Common Dreams NewsCenter

Summer Reading

 
     
Home | Newswire | Contacting Us | About Us | Donate | Sign-Up | Archives
   
 
     
 

Discuss this story Discuss this story Print This Post Print This Post E-Mail This Article
 
 

Myanmar Crowds Taunt Troops As Crackdown Draws Outrage

by Aung Hla Tun

YANGON  - Crowds taunted soldiers and police who barricaded central Yangon on Friday to prevent more mass protests against Myanmar’s 45 years of military rule and deepening economic hardship.0928 08

Potentially deadly games of cat and mouse went on for hours around the barbed-wire barriers in a city terrified of a repeat of 1988, when the army killed an estimated 3,000 people in its ruthless crushing of an uprising.

Few monks were among the crowds taunting and cursing the soldiers. When the troops charged, the protesters vanished into narrow side streets, only to emerge elsewhere to renew their abuse until darkness fell and an overnight curfew loomed.

“Fuck you, army. We only want democracy,” some yelled in English. Despite the visceral anger in their voices, far fewer protesters turned out in Yangon than earlier in the week.

“May the people who beat monks be struck down by lightning,” others chanted in Burmese a day after soldiers ransacked 10 monasteries and carted off hundreds of the monks who filled five city blocks with their supporters on Monday and Tuesday.

There has been no word on the fate of the detained monks who turned what started as small protests against shock fuel price rises last month into a mass uprising when they lent their huge moral weight to demonstrations against the junta.

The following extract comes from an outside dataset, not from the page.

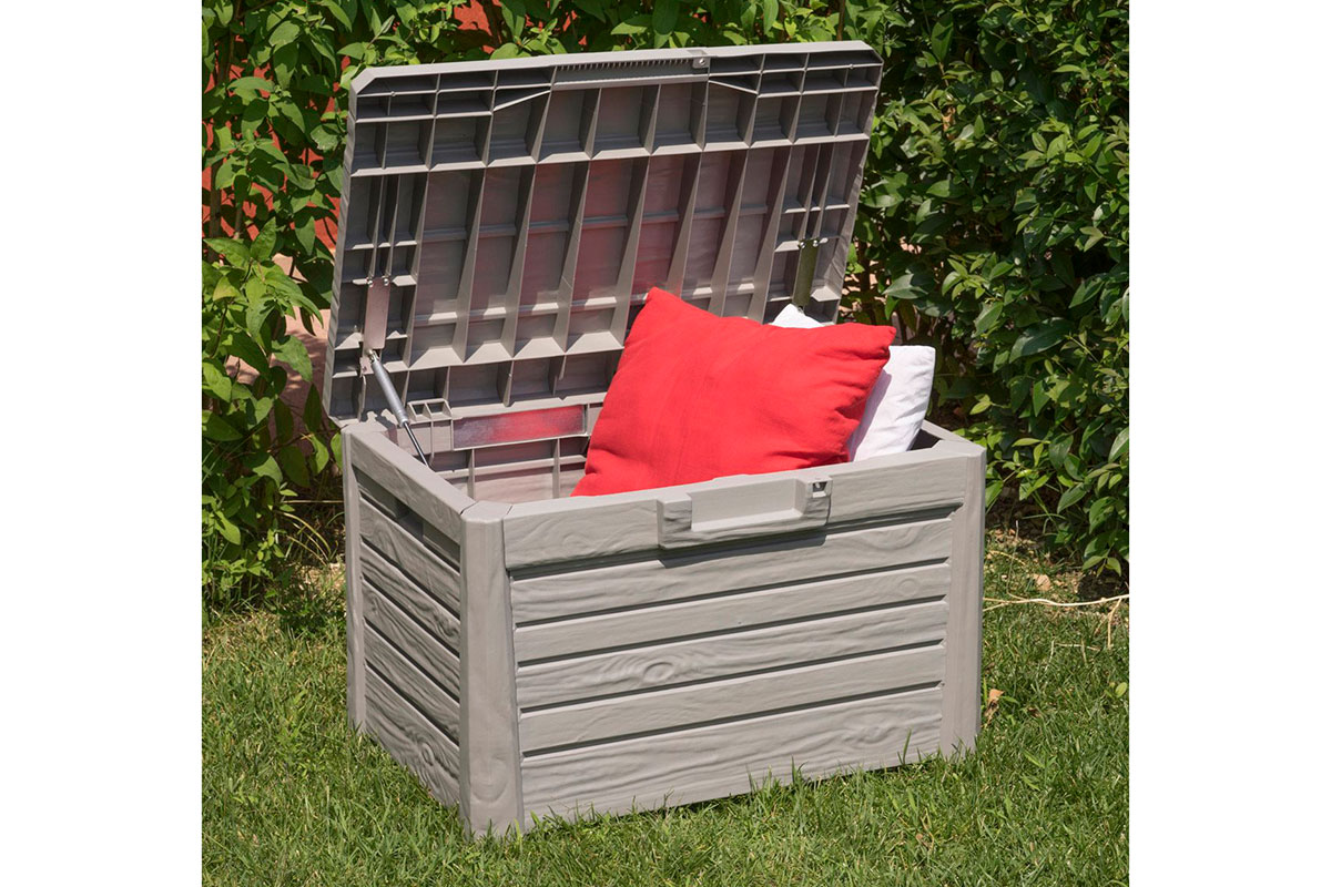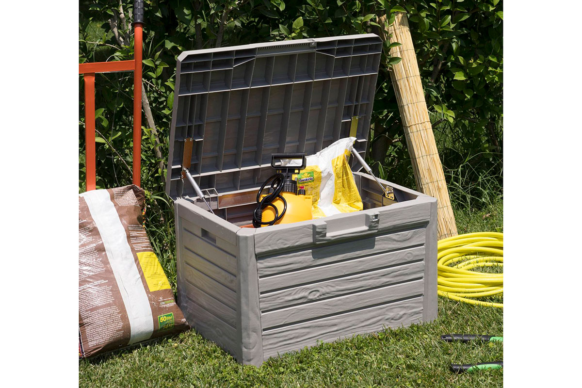 Компактный ящик-сундук FLORIDA COMPACT на 120 л с гидролифтом и фиксаторами от TOOMAX идеален для организации хранения хозинвентаря на участке загородного дома, спортивного инвентаря, подушек для садовой мебели, вещей во влажном помещении, дома, на балконе, террасе или в подвале, хранения овощей, складирования запчастей и инструмента в гараже и т.д. Ящик FLORIDA COMPACT - одна из прочных моделей широкого ассортимента Toomax. Выдерживает вес до 180 кг, с комфортом на крышке разместиться один взрослый человек. Стилизованный под дерево маленький садовый сундук. Сборно-разборный, компактный в перевозке, всепогодный сундук. Ручки для переноски. Верхняя крышка с гидролифтом для плавного открывания и удерживания крышки, предусмотрены отверстия для навесного замка. Отличительными особенностями сундуков от TOOMAX являются: итальянский дизайн, стильный внешний вид, современная цветовая гамма, высокая прочность и долговечность. По сравнению с деревянными или металлическими ящиками пластиковые не подвержены гниению, ржавению, выцветанию, и не требуют абсолютно никакого ухода. Преимущества садового сундука FLORIDA COMPACT

However, one monk pumped his fists in defiance at soldiers as a group of protesters carried him above their heads on Friday.

Other monks told foreign Burmese-language broadcasters they were not going to give up. Speaking anonymously, they said a “united front” of clergy, students and activists had been formed to continue the struggle.

Several shots were fired on Friday, but there was no word of more casualties a day after troops swept protesters out of the city centre, giving them 10 minutes to leave or be shot. The soldiers then pursued knots of demonstrators through the city.

Troops fired on several crowds on Thursday and state-run television admitted nine people were killed. Australian Ambassador Bob Davis told domestic radio that figure should multiplied several times to get the real toll.

The Hong Kong-based Asian Human Rights Commission said eight people were shot dead in a single incident in the northeastern Yangon district of South Okkalapa that day.

Loudspeaker trucks toured South Okkalapa on Friday, announcing a four-hour extension in the area to the curfew imposed on Yangon and the second city of Mandalay on Tuesday.

INTERNATIONAL FURY

One of those killed on Thursday was Japanese video journalist Kenji Nagai, 50, shot point-blank — according to video footage — when soldiers charged crowds near Sule Pagoda, focus of more than a week of protests and now deep inside the sealed off area.

Japan said it would send an envoy to Myanmar at the weekend to investigate the killing.

Prime Minister Yasuo Fukuda also said he had spoken with Chinese Premier Wen Jiabao by telephone. He said Wen had assured him Beijing, Myanmar’s closest ally, would seek to exercise its influence over the military junta.

The Association of South East Asian Nations (ASEAN), one of the few international groupings to have Myanmar as a member, went much further.

ASEAN, which works by consensus and hardly ever criticizes a member directly, expressed “revulsion” at the crackdown.

But the junta usually ignores outside pressure and appeared to have cut off public access to the Internet, through which much of news about their bloody crackdown in the isolated country reached the rest of the world.

There were protests across Asia, with many people wearing red to symbolize the blood split in the former Burma.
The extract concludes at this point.